**Task directions:** In the listing below, find the line holding "2025新年伊始,陕西省体育" and the line holding "14.75″ (37.47cm) overall.". Write out those two lines and all lines between, exactly, and nothing more.
(The input)
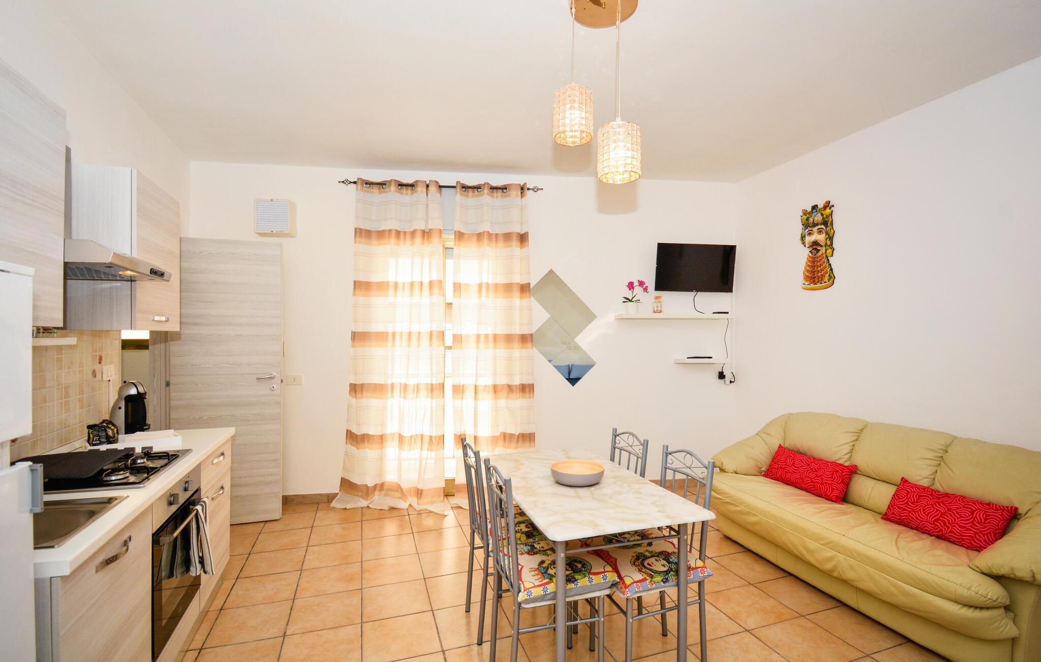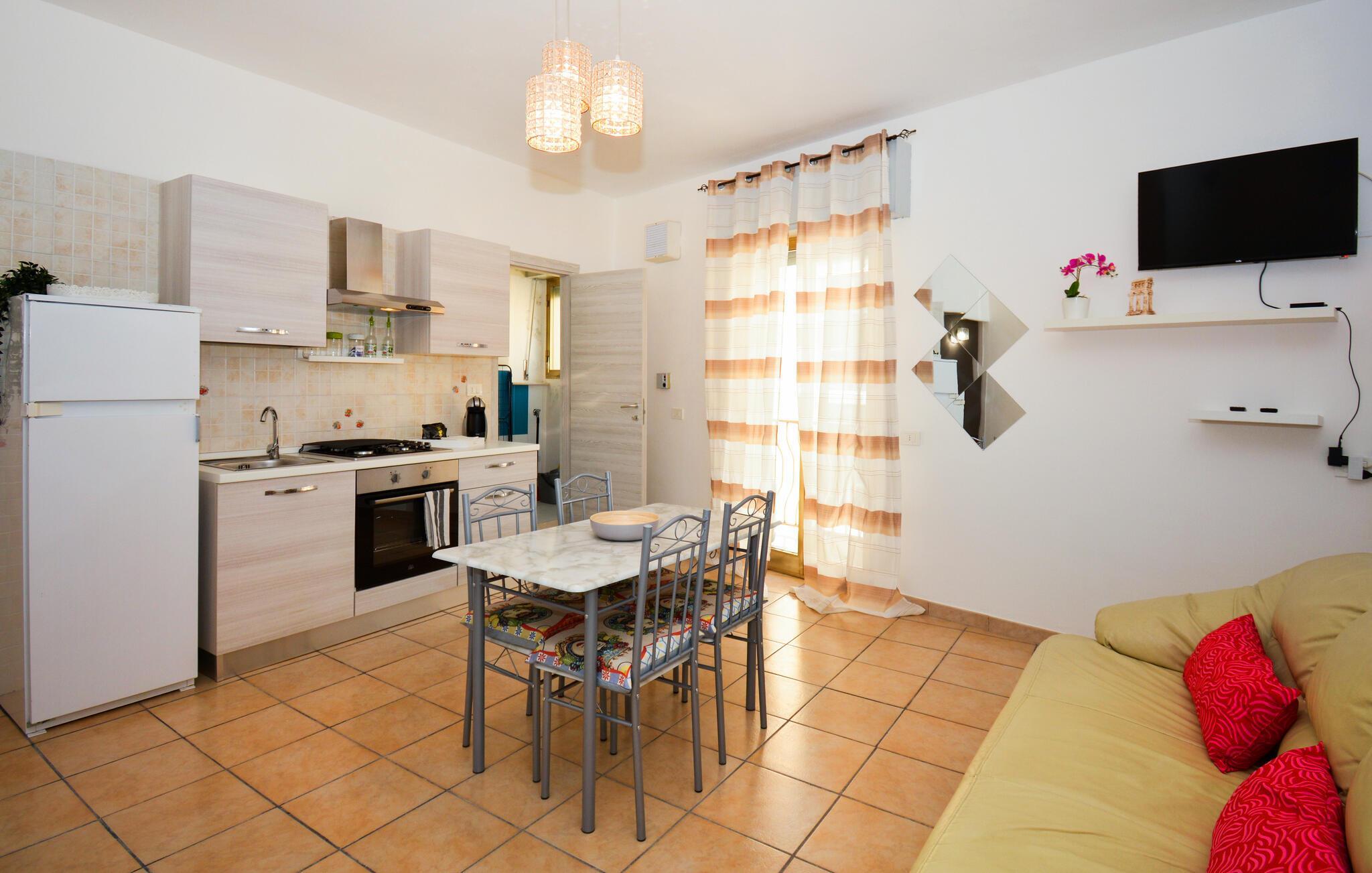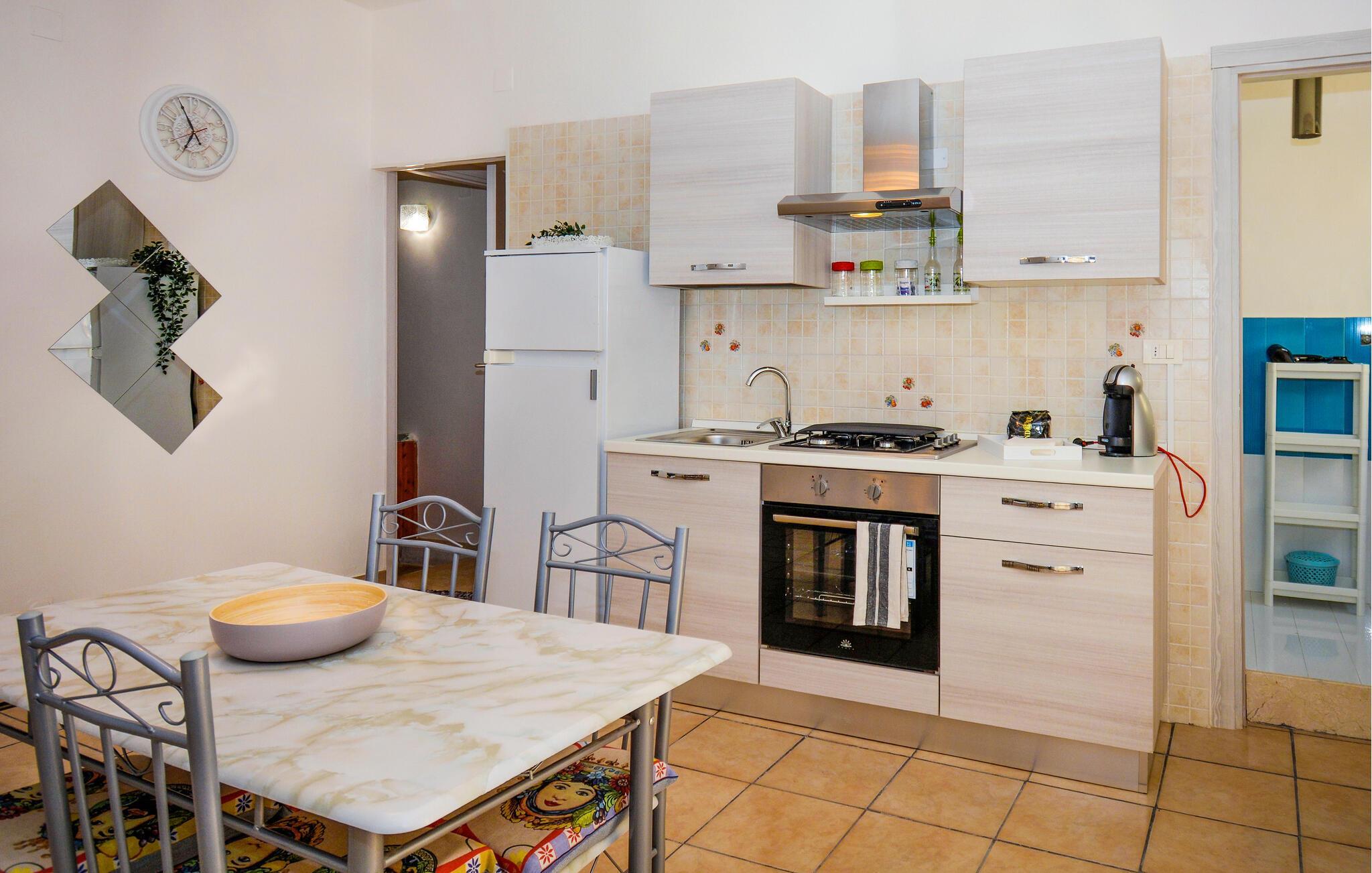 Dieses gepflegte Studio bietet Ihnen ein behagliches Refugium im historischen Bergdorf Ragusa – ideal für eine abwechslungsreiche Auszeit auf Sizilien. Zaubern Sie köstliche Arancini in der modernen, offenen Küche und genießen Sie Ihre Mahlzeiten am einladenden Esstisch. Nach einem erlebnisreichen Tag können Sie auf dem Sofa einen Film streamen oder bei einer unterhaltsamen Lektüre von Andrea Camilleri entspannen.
(End The input)
(The input)
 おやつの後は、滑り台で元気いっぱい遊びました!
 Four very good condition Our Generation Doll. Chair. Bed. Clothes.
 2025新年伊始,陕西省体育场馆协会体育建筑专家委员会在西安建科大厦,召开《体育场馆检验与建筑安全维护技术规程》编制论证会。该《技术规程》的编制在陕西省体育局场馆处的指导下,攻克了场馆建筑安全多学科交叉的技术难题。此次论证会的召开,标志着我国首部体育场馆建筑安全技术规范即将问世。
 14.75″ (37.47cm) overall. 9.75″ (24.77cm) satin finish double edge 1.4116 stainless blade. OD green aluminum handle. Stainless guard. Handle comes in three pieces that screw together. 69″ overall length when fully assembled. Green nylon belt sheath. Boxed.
(End The input)
(The input)
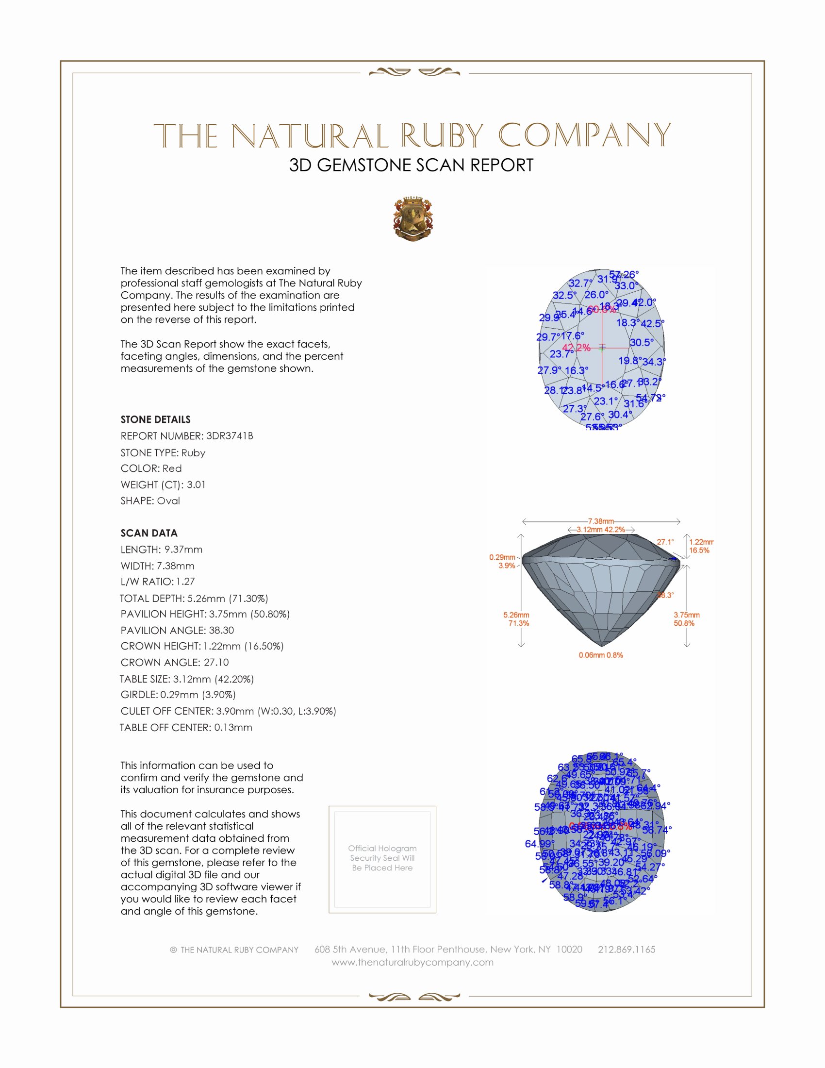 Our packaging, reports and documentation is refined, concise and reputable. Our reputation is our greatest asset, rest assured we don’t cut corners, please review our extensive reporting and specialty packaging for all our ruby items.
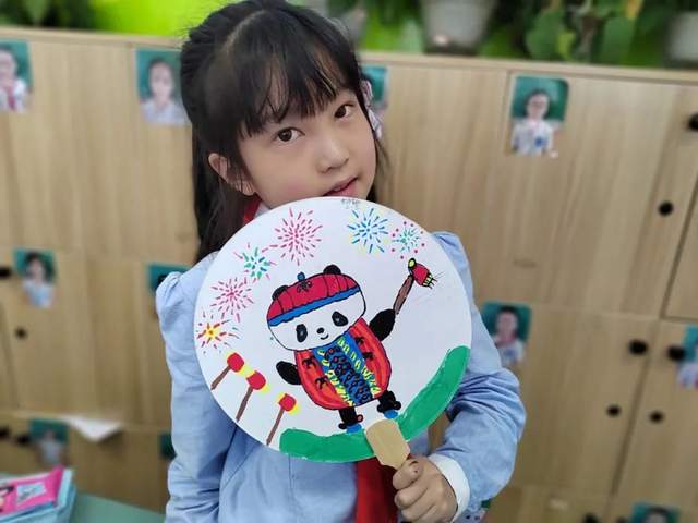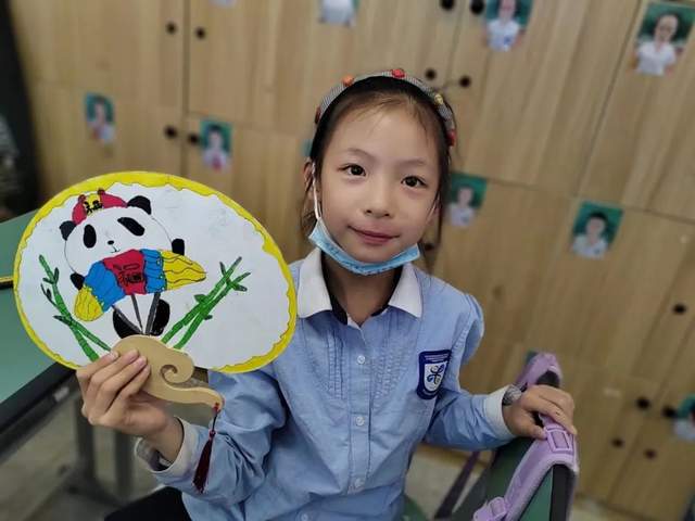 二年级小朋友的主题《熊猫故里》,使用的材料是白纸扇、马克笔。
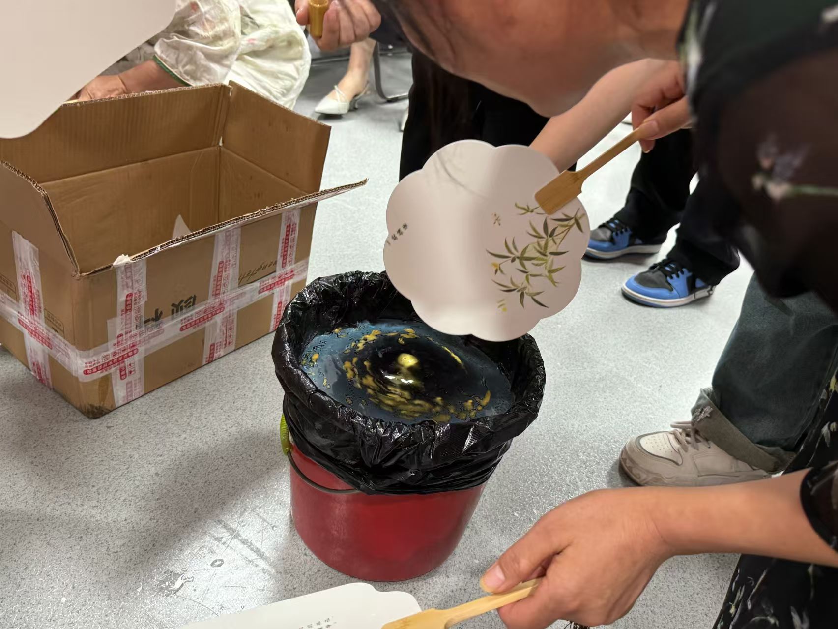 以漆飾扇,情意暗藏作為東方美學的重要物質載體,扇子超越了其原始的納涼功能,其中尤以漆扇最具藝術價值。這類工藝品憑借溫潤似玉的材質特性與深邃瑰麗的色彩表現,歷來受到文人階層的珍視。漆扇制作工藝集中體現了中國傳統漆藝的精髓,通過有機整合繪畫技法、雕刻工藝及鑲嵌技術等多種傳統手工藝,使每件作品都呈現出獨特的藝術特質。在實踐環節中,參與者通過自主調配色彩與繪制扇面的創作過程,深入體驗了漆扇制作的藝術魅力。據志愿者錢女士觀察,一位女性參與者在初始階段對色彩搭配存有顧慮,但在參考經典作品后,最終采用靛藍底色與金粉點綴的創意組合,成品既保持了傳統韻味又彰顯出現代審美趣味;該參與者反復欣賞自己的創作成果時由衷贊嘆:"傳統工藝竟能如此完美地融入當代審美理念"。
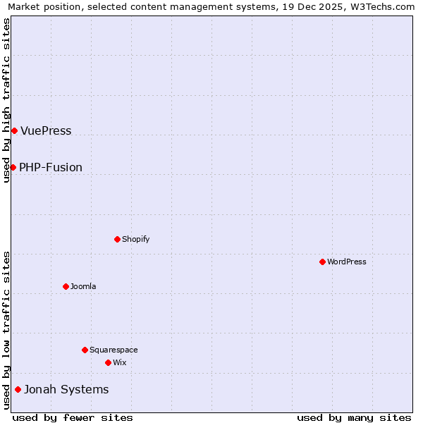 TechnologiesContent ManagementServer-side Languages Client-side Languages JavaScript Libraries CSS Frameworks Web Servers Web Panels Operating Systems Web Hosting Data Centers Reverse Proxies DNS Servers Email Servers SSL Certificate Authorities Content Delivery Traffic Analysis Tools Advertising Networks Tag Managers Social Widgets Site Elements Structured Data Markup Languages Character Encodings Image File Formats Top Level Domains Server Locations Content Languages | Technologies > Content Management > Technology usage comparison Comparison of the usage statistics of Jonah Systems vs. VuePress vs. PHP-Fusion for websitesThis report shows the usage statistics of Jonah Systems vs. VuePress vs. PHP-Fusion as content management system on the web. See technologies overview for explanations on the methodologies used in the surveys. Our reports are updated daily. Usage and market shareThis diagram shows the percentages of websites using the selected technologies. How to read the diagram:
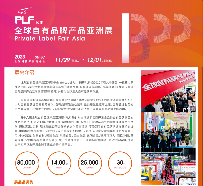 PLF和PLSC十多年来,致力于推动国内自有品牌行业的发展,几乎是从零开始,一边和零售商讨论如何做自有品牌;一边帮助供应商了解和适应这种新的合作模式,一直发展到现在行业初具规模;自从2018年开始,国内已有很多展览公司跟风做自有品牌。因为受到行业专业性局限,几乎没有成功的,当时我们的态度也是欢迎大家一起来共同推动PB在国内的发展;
(End The input)
**Exercise result:**
 2025新年伊始,陕西省体育场馆协会体育建筑专家委员会在西安建科大厦,召开《体育场馆检验与建筑安全维护技术规程》编制论证会。该《技术规程》的编制在陕西省体育局场馆处的指导下,攻克了场馆建筑安全多学科交叉的技术难题。此次论证会的召开,标志着我国首部体育场馆建筑安全技术规范即将问世。
 14.75″ (37.47cm) overall. 9.75″ (24.77cm) satin finish double edge 1.4116 stainless blade. OD green aluminum handle. Stainless guard. Handle comes in three pieces that screw together. 69″ overall length when fully assembled. Green nylon belt sheath. Boxed.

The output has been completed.